## [Exercise requirements]
A copy of the listing below is needed, exact in every line and without images.

## [Information shown]
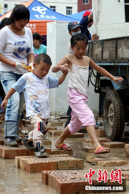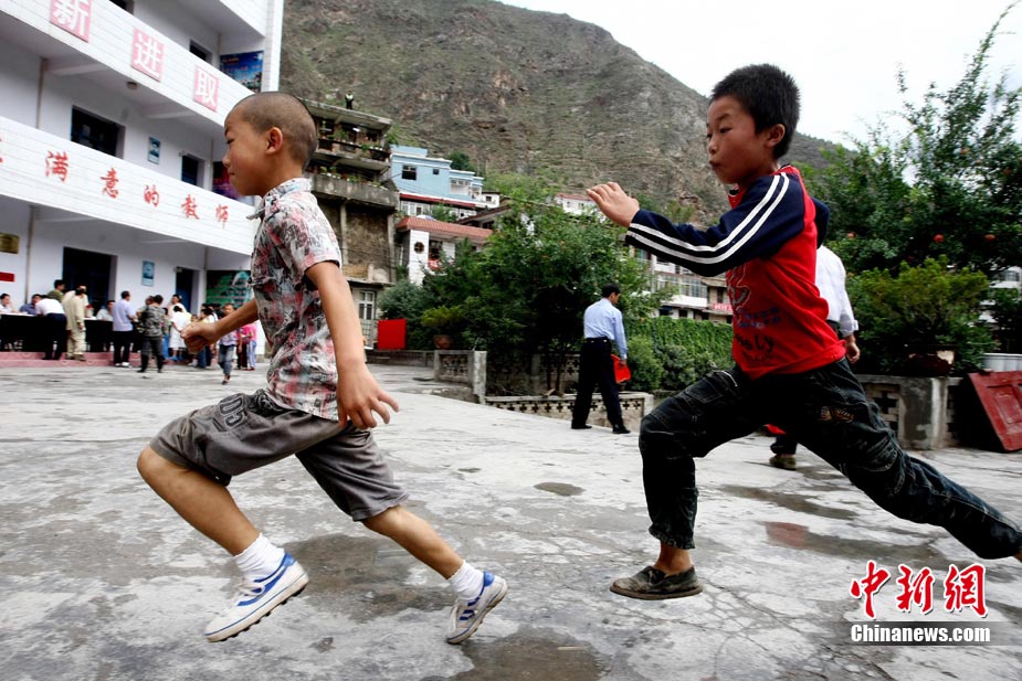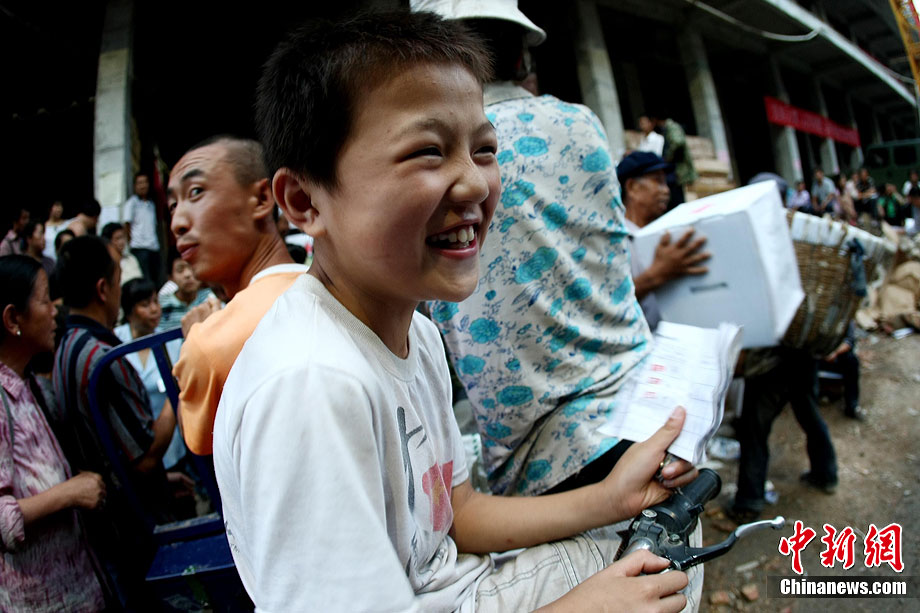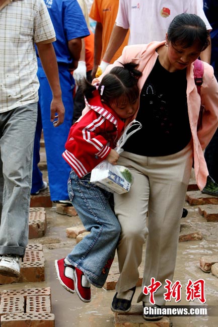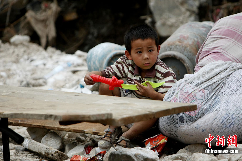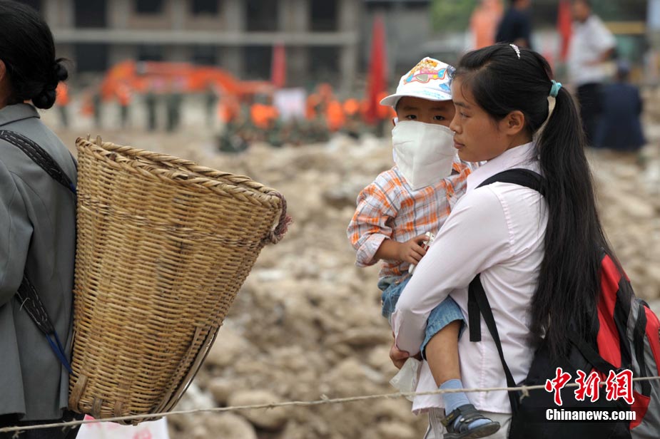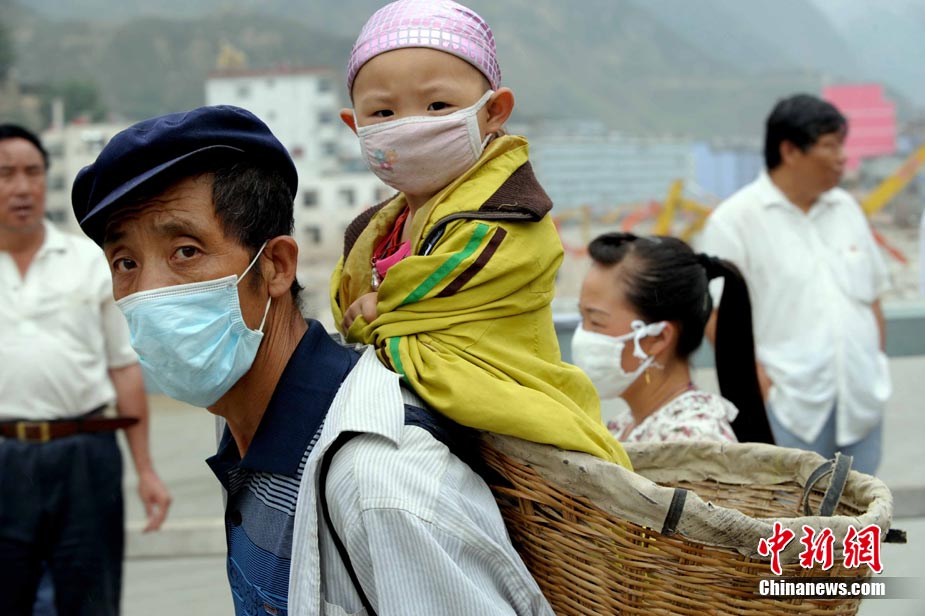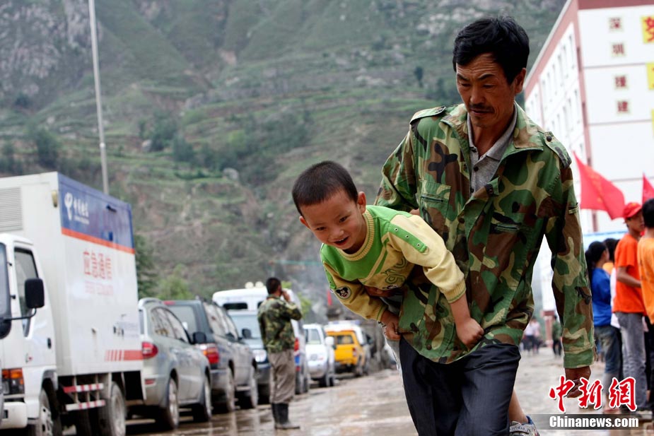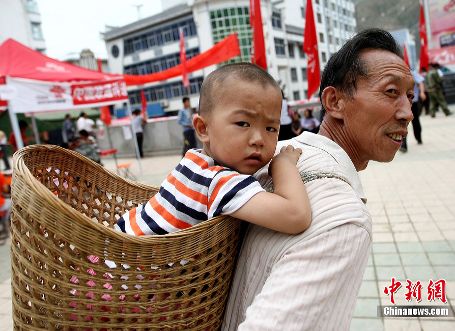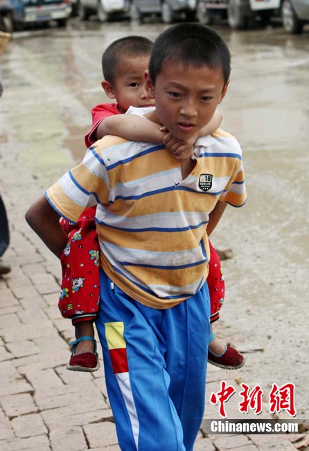 8月7日夜22點(diǎn)左右,甘肅甘南藏族自治州舟曲縣發(fā)生特大泥石流。目前已致1287人遇難,457人失蹤;舟曲5公里長(zhǎng)、500米寬區(qū)域被夷為平地。突如其來的泥石流災(zāi)害,使舟曲許多兒童瞬間失去了家園,失去了學(xué)校,失去了親人。圖為爺爺用背簍背著小孫子。中新社記者 杜洋 攝
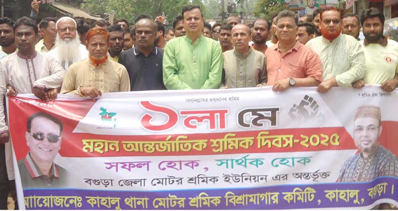 আন্তর্জাতিক শ্রমিক দিবস উপলক্ষ্যে বগুড়ার কাহালু থানা মোটর শ্রমিক বিশ্রামাগার কমিটি ও কাহালু উপজেলা গৃহ নির্মাণ উপ-পরিষদের উদ্যোগে পৃথক পৃথক ভাবে বর্ণাঢ্য র্যালী ও আলোচনা সভা অনুষ্ঠিত হয়।
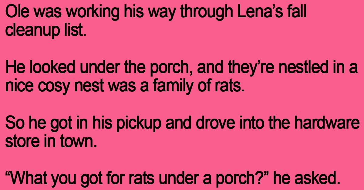 “What you need is what we in the business call the thermonuclear pest-control option. You go down to the grocery store and you get yourself some lutefisk. Have Lena cook it up with a bit of butter, some cream gravy, maybe a couple of boiled potatoes on the side. I guarantee you that the smell alone will get rid of your rats.”
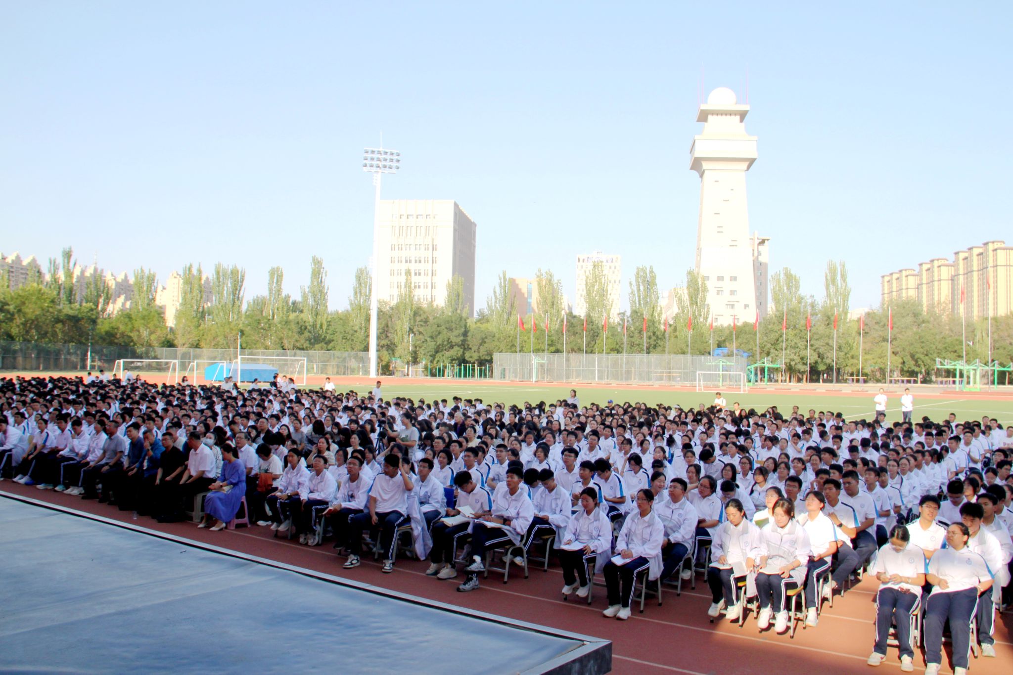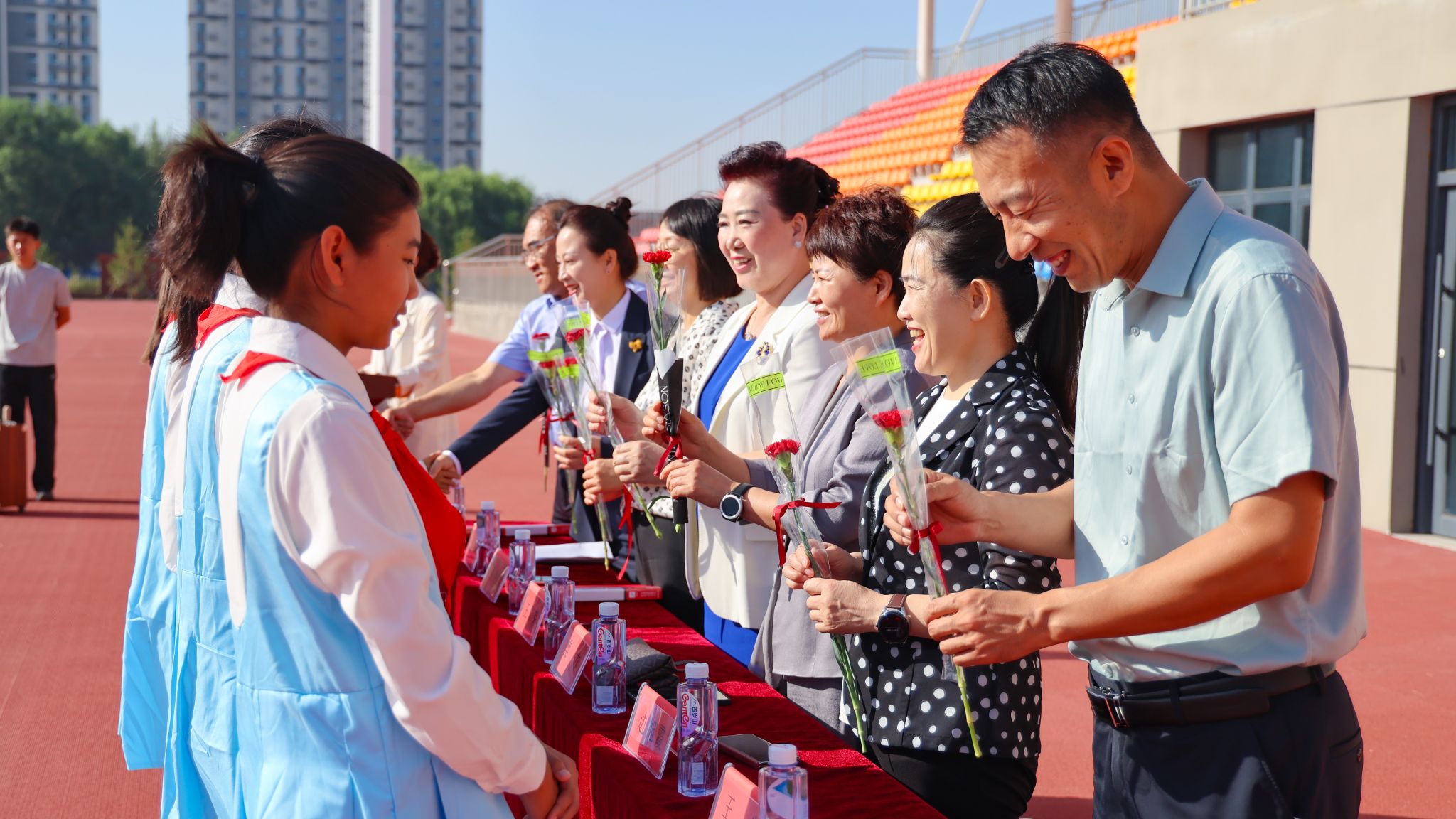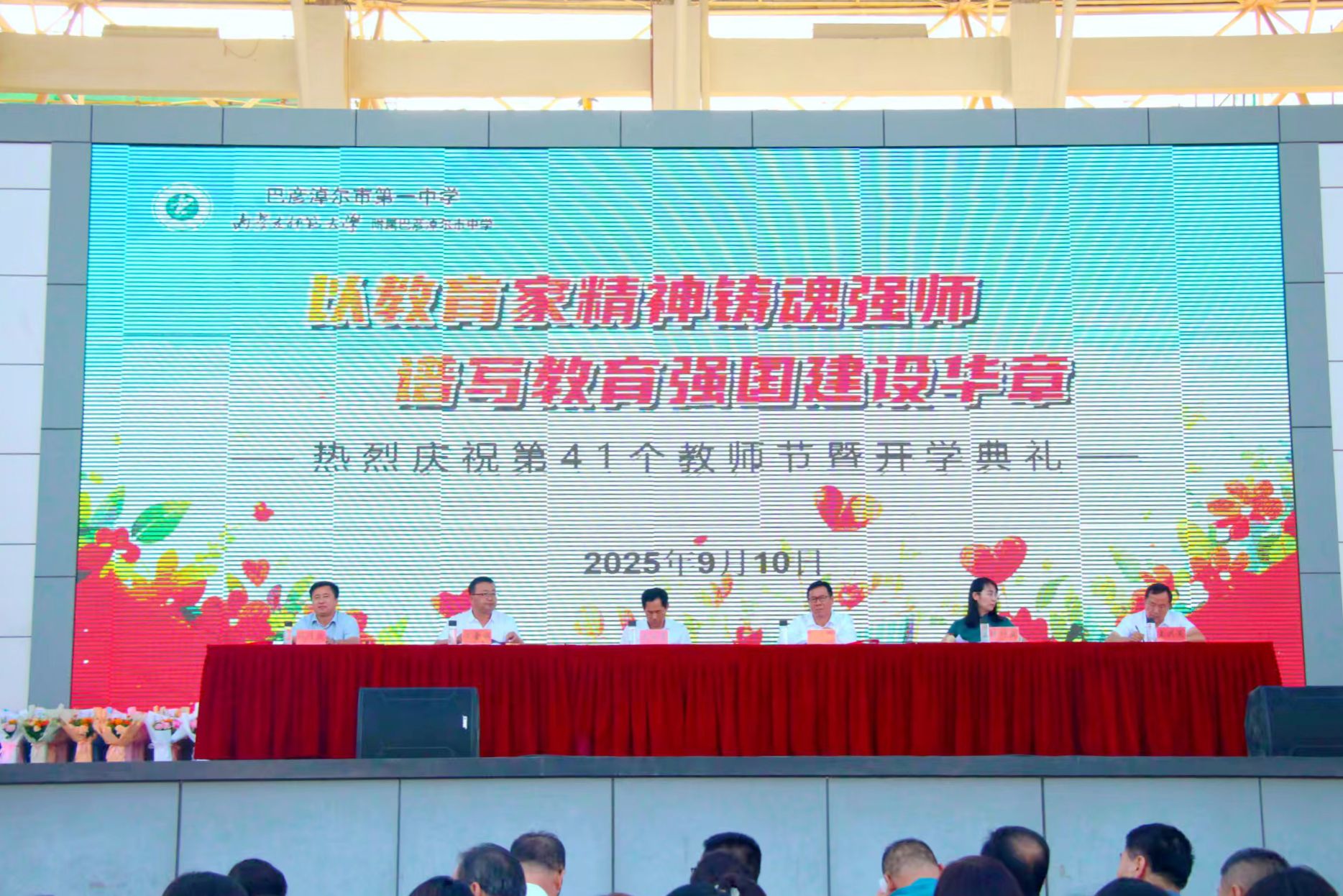 9月10日下午,pp电子官方网站附属巴彦淖尔市中学全体师生在体育场共同举行以“以教育家精神铸魂强师 谱写教育强国建设华章”为主题的第41个教师节庆祝活动。活动现场,对优秀班主任、先进班集体、优秀教师、优秀教育工作者、优秀科室、优秀学科组等先进集体与个人进行了表彰,以此弘扬高尚师德,凝聚校园正能量,共贺教师佳节。

## [Expected output]
 8月7日夜22點(diǎn)左右,甘肅甘南藏族自治州舟曲縣發(fā)生特大泥石流。目前已致1287人遇難,457人失蹤;舟曲5公里長(zhǎng)、500米寬區(qū)域被夷為平地。突如其來的泥石流災(zāi)害,使舟曲許多兒童瞬間失去了家園,失去了學(xué)校,失去了親人。圖為爺爺用背簍背著小孫子。中新社記者 杜洋 攝
 আন্তর্জাতিক শ্রমিক দিবস উপলক্ষ্যে বগুড়ার কাহালু থানা মোটর শ্রমিক বিশ্রামাগার কমিটি ও কাহালু উপজেলা গৃহ নির্মাণ উপ-পরিষদের উদ্যোগে পৃথক পৃথক ভাবে বর্ণাঢ্য র্যালী ও আলোচনা সভা অনুষ্ঠিত হয়।
 “What you need is what we in the business call the thermonuclear pest-control option. You go down to the grocery store and you get yourself some lutefisk. Have Lena cook it up with a bit of butter, some cream gravy, maybe a couple of boiled potatoes on the side. I guarantee you that the smell alone will get rid of your rats.”
 9月10日下午,pp电子官方网站附属巴彦淖尔市中学全体师生在体育场共同举行以“以教育家精神铸魂强师 谱写教育强国建设华章”为主题的第41个教师节庆祝活动。活动现场,对优秀班主任、先进班集体、优秀教师、优秀教育工作者、优秀科室、优秀学科组等先进集体与个人进行了表彰,以此弘扬高尚师德,凝聚校园正能量,共贺教师佳节。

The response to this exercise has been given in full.